The DESIRED electron temperature relations in star-forming regions of the local Universe
Pith reviewed 2026-05-19 16:38 UTC · model grok-4.3
The pith
Relations using Te([N II]) show lower dispersions and provide a more reliable low-ionisation zone temperature estimate when higher-ionisation diagnostics are the only ones available.
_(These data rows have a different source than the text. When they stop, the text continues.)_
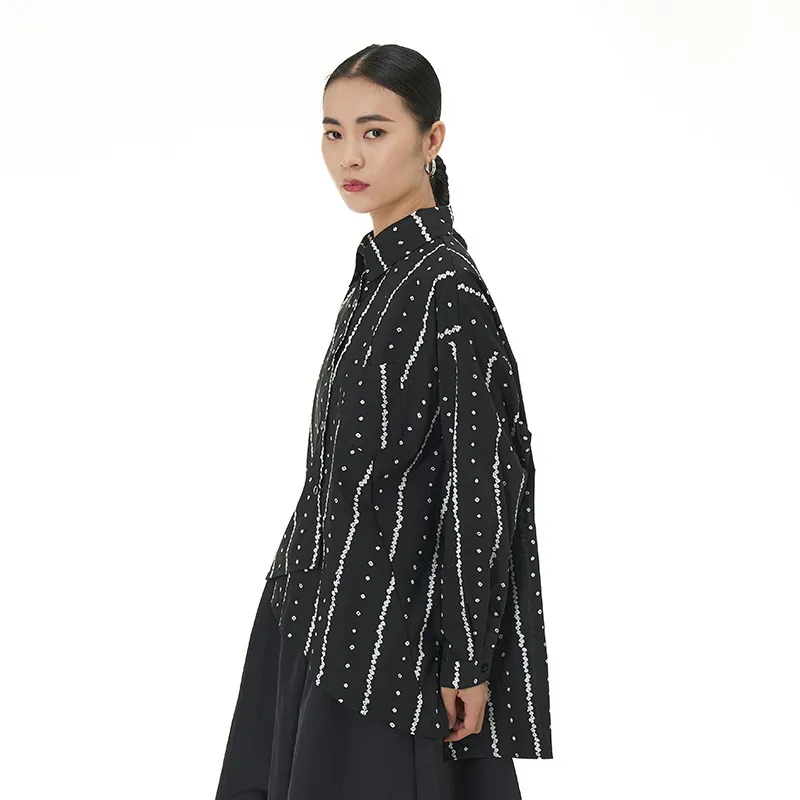 衣都精品- 2023新款寬鬆斑馬紋印花插肩袖上衣
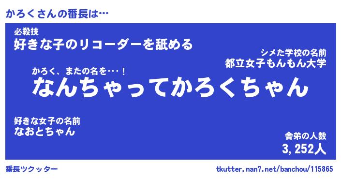 | 意味不明あだ名 | 『ペロリンかろく』『かろくフォーエバー』 |
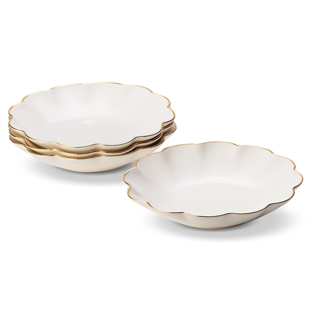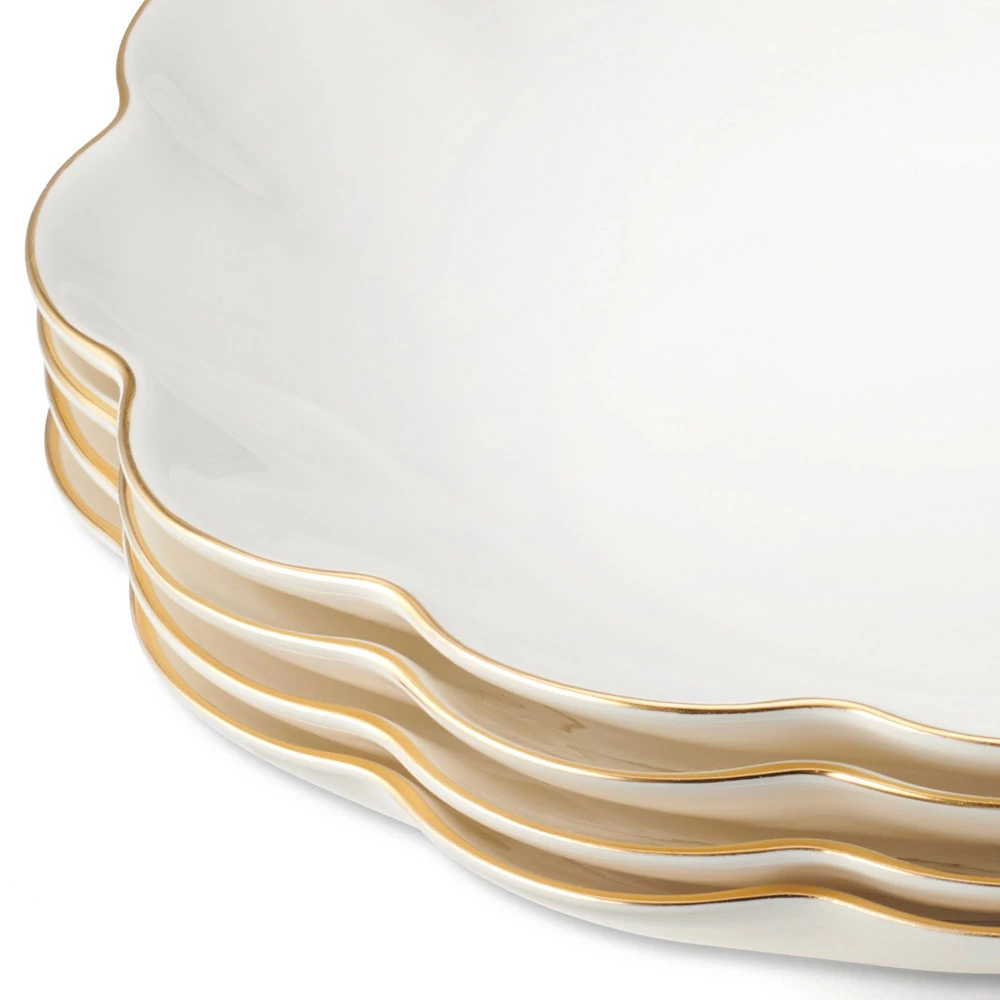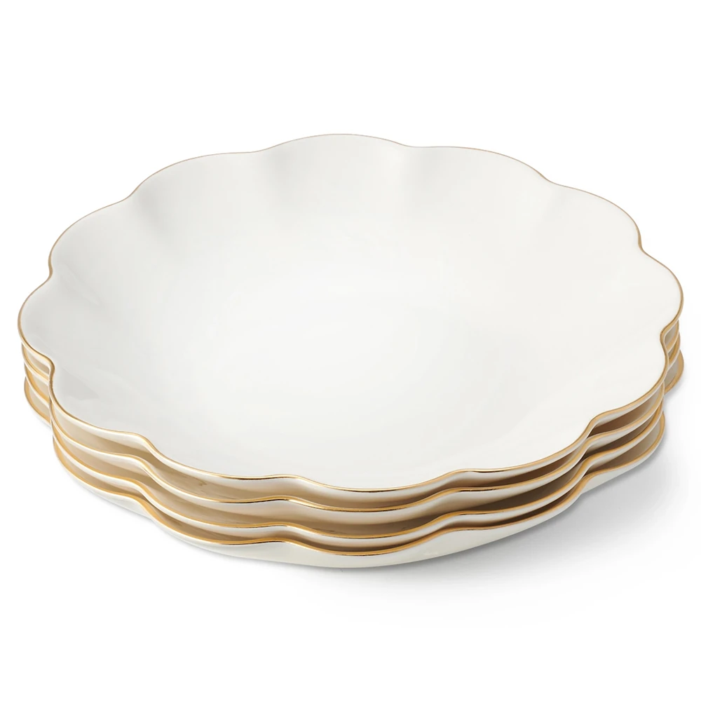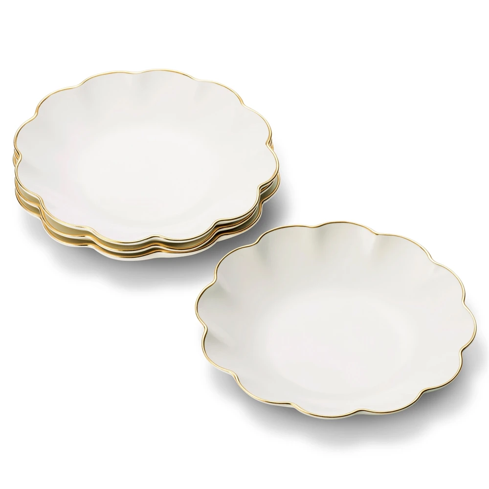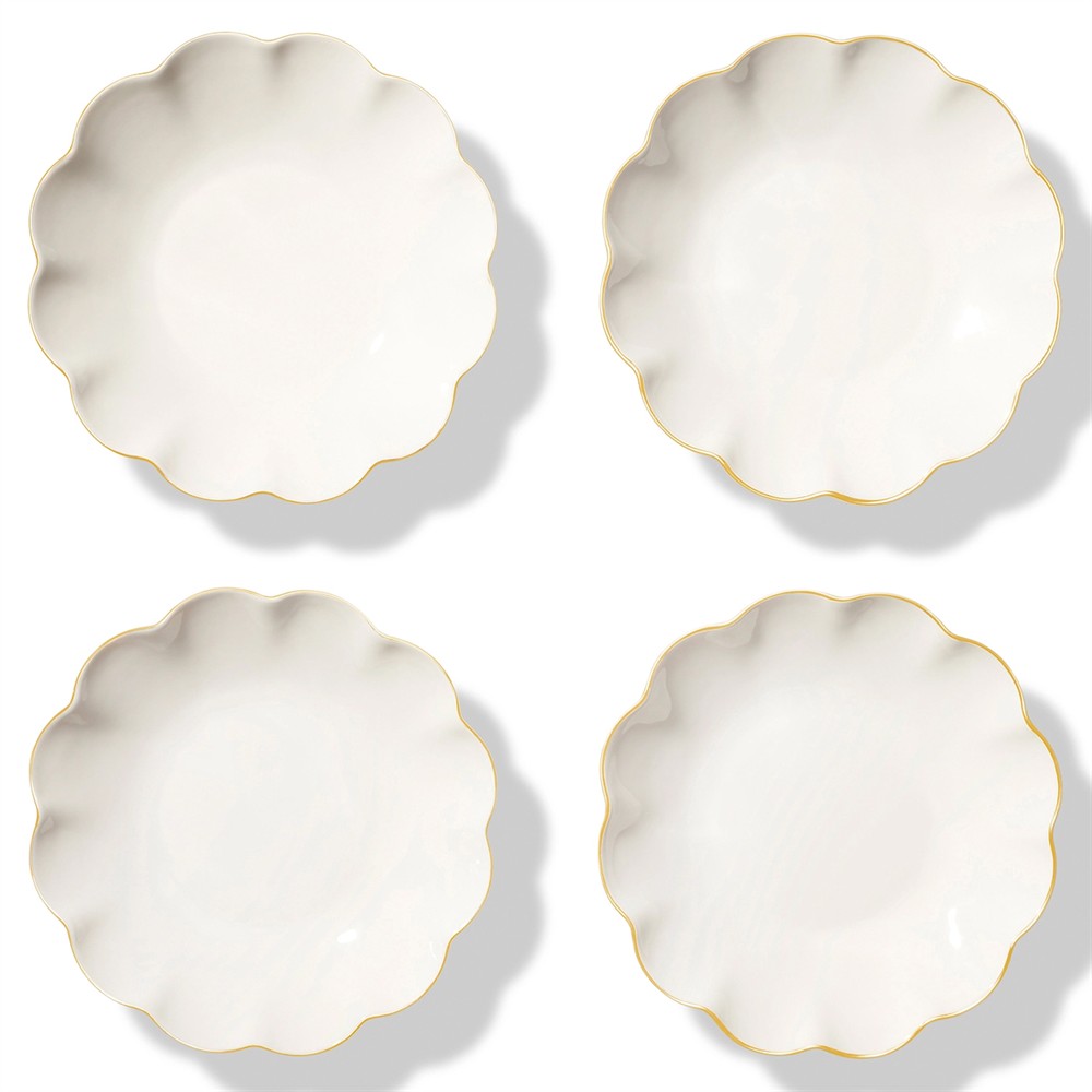 AERIN Coastal Beach White Bone China Scalloped Appetizer Plate - Set of 4
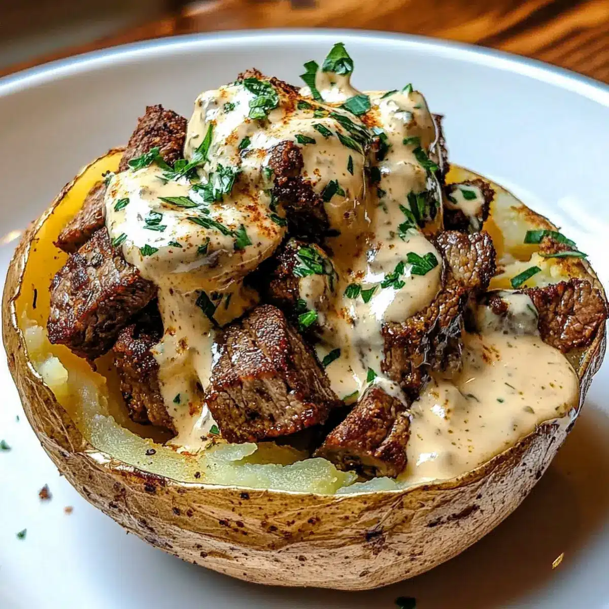 Herb Variation: Experiment with different herbs in the cream sauce, such as thyme or chives, to elevate the flavor of your loaded steak potato.
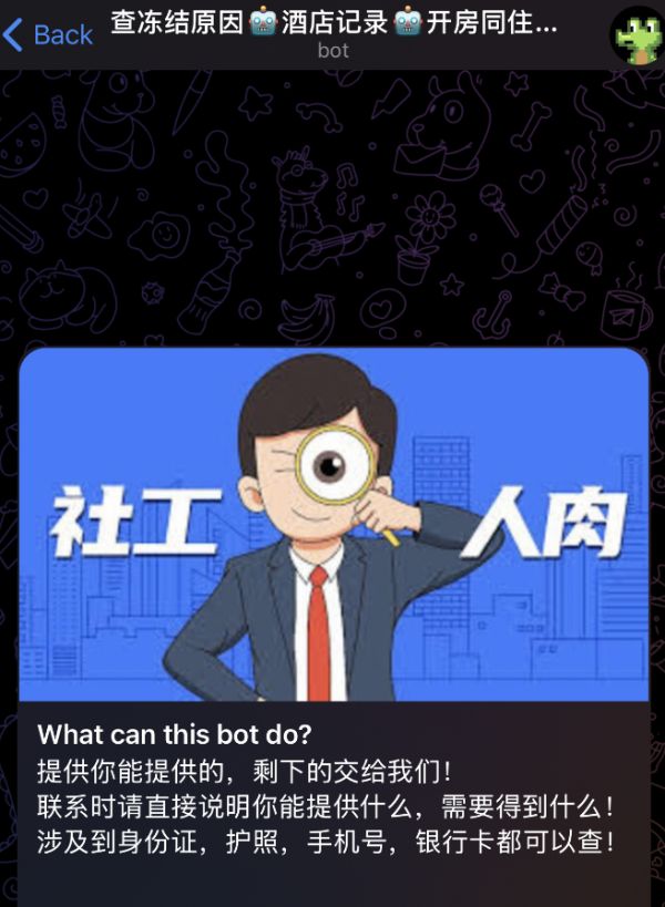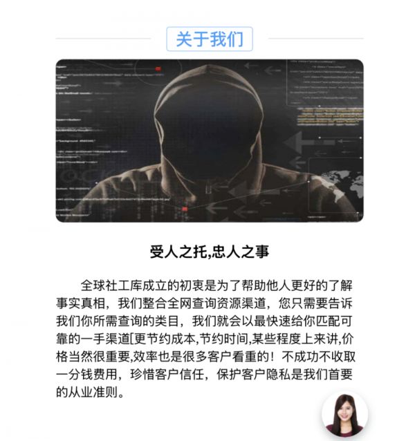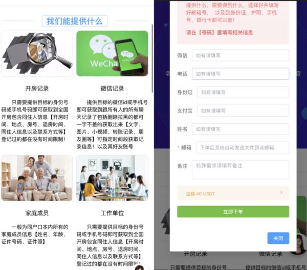 根据百度的公告,蓝鲸记者查到了这个海外社工库。这里提供范围广泛的查询服务,不同查询价格不同,用户可以搜到开房信息、微信记录、家庭成员、工作单位、居住地址等各种隐私信息,并且365天24小时全年无休。
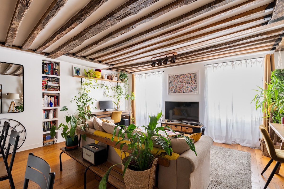 This splendid, bright and well equipped apartment ideal for 2 people is located in the very heart of Paris. You can combine the calm comfort and charm of an authentic eighteenth century "Parisian home" with antique Versailles parquet, ceiling with beams and a beautiful marble bathroom. The apartment has a fully equipped kitchen (fridge, microwave, stove and kitchenware including a kettle and Nespresso machine), a Murphy comfortable 150 bed suitable for 2, Wifi, TV and music system.
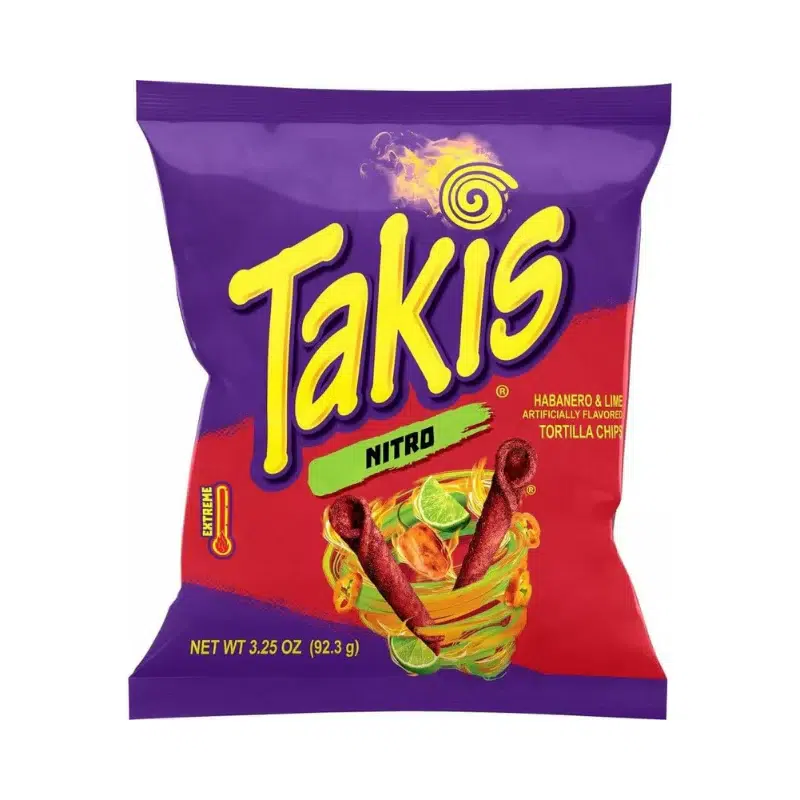 חטיפי טורטיה מהפכניים ואקסטרימיים מסדרת טקיס ניטרו, בטעם הבנרו וליים בעוצמה מקסימלית. חטיף מקסיקני אותנטי בעל צורה לולינית ייחודית ומרקם פריך, המעוצב במיוחד לחוויית טעם אינטנסיבית ובלתי נשכחת. הצמוד המושלם לאוהבי החריפות והטעמים האקסטרימיים.
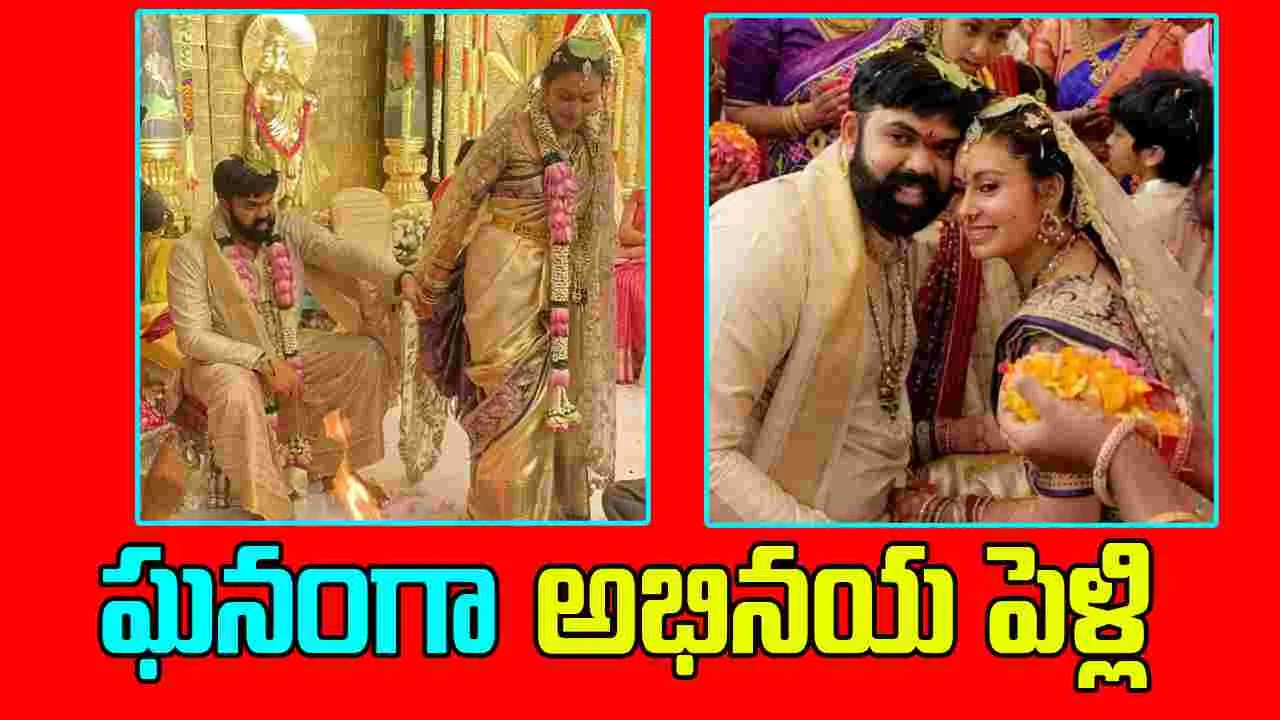 ప్రముఖ బహుభాషా నటి అభినయ మూడు ముళ్ల బంధంలోకి అడుగుపెట్టారు. చిన్ననాటి మిత్రుడ్ని పెళ్లి చేసుకున్నారు. హైదరాబాద్కు చెందిన వీ కార్తీక్ అనే వ్యక్తితో అభినయ ఏడడుగులు వేశారు. బుధవారం హైదరాబాద్, జూబ్లీహిల్స్లోని జేఆర్సీ కన్వెన్షన్ సెంటర్లో వీరి పెళ్లి వేడుక ఘనంగా జరిగింది. ఈ కార్యక్రమానికి బంధుమిత్రులు పెద్ద సంఖ్యలో హాజరయ్యారు. వధూవరులను ఆశీర్వదించారు. అభినయ, కార్తీక్ చిన్నప్పటి నుంచి మంచి స్నేహితులు. ఆ స్నేహం కాస్తా ప్రేమగా మారింది. గత కొన్నేళ్లుగా ప్రేమించుకుంటున్న వీరు పెద్దల అంగీకారంతో పెళ్లి బంధంలోకి అడుగుపెట్టారు.

A machine-rendered reading of the paper's core claim, the machinery that carries it, and where it could break.
Core claim
The study of 699 spectra reveals that Te-Te relations involving the [N II] diagnostic exhibit lower intrinsic dispersions than those with [O II] or [S II], indicating that Te([N II]) offers a more reliable proxy for the low-ionisation zone temperature when only higher-ionisation Te diagnostics are accessible, despite observational difficulties at low metallicity.
What carries the argument
The Te-Te relations between ionic temperature diagnostics such as Te([N II]), Te([O II]), Te([O III]), Te([S II]), Te([S III]) and Te([Ar III]), with their slopes and intrinsic dispersions derived from orthogonal distance regression on recomputed direct measurements.
If this is right
- Slopes of the relations agree with photoionisation model predictions, especially for pairs with low intrinsic dispersion such as Te([N II]) and Te([S III]).
- Te([N II]) can be used as a more stable estimate of low-ionisation zone temperature when direct measurement of that zone is unavailable.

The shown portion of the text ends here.